Arabba alla luce della mancata apertura della stagione dello sci

Con il permanere della chiusura degli impianti da sci, il consorzio turistico nel cuore delle Dolomiti traccia un primo bilancio economico di cosa ha significato questa ulteriore falsa partenza.

Nel generale disappunto che unisce tutti gli operatori della montagna italiana per la decisione governativa di non consentire l’apertura degli impianti di risalita, il comprensorio di Arabba e di tutta la valle di Fodom vuole esprimere il proprio punto di vista con un giudizio di merito basato su dati concreti.

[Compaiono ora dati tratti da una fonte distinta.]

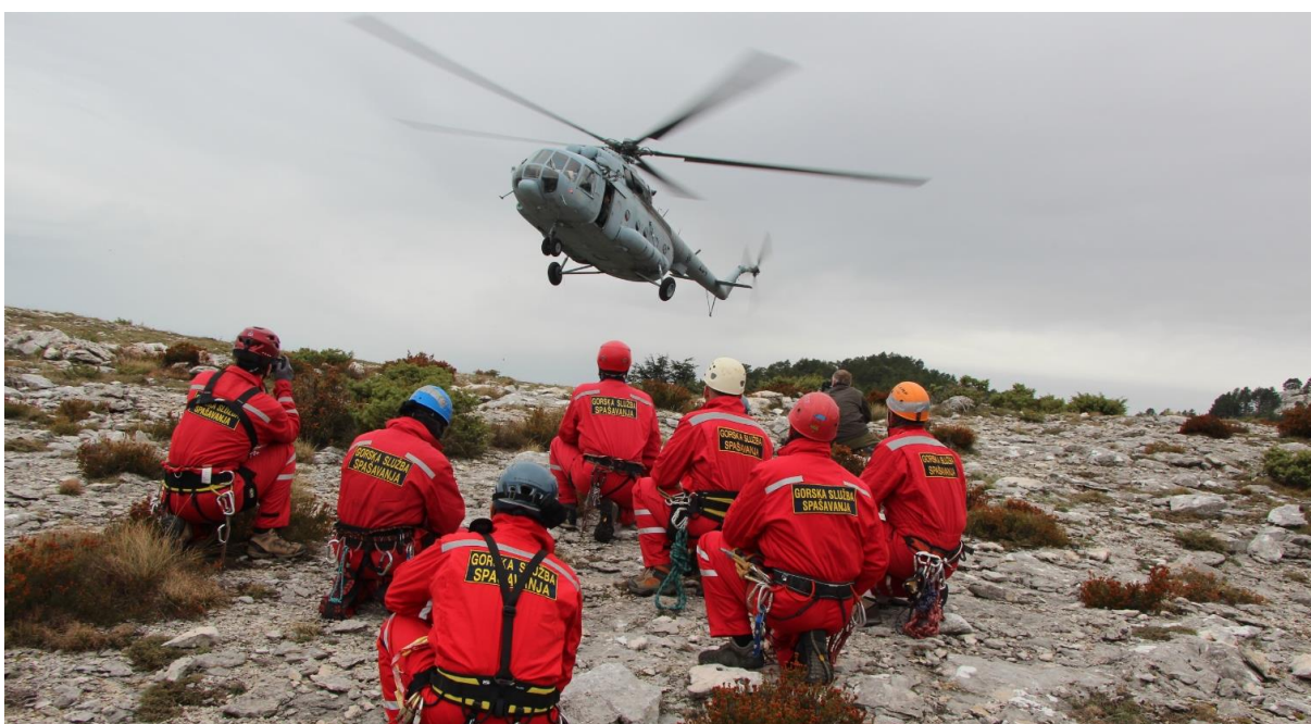
Slika 9. HGSS u akciji

La decisione di rinvio dell’apertura di domenica scorsa è stata la quinta negli ultimi tre mesi (dopo quella al 3 dicembre, poi al 7 gennaio, quindi al 18 gennaio e al 15 febbraio e ora la proroga al 5 marzo) che hanno costantemente creato aspettative tra gli addetti della montagna e che sono state puntualmente disattese.

 

Nella valle di Fodom, di cui Arabba rappresenta il centro turistico più noto perché villaggio di transito del noto tour Sellaronda, risiedono 1300 abitanti pari a 563 nuclei familiari che per la maggior parte vivono di turismo e del suo indotto. L’attività economica durante l’inverno richiama da fuori provincia un piccolo esercito di operatori: durante i mesi invernali il comparto impiantistico assume 250 addetti a contratto e quello ricettivo, commerciale e dei servizi turistici supera abbondantemente le 630 unità.

E a ricordare il valore dell’indotto nell’ecosistema dello sci ci pensano i dati di fatturato dell’area di Arabba: nell’anno solare 2019 il fatturato è stato di 29 milioni di Euro, scesi a 23 nell’esercizio scorso, con un calo di presenze del 30%, valori che non comprendono il giro d’affari del comparto impiantistico.

E con gli impianti chiusi, tutta la filiera ne risente: le prenotazioni pervenute nei giorni scorsi si sono trasformate in disdette per ogni categoria coinvolta, da noleggi alle scuole sci (ad Arabba gravitano circa 40 Maestri di Sci), taxi, bar, ristoranti ecc.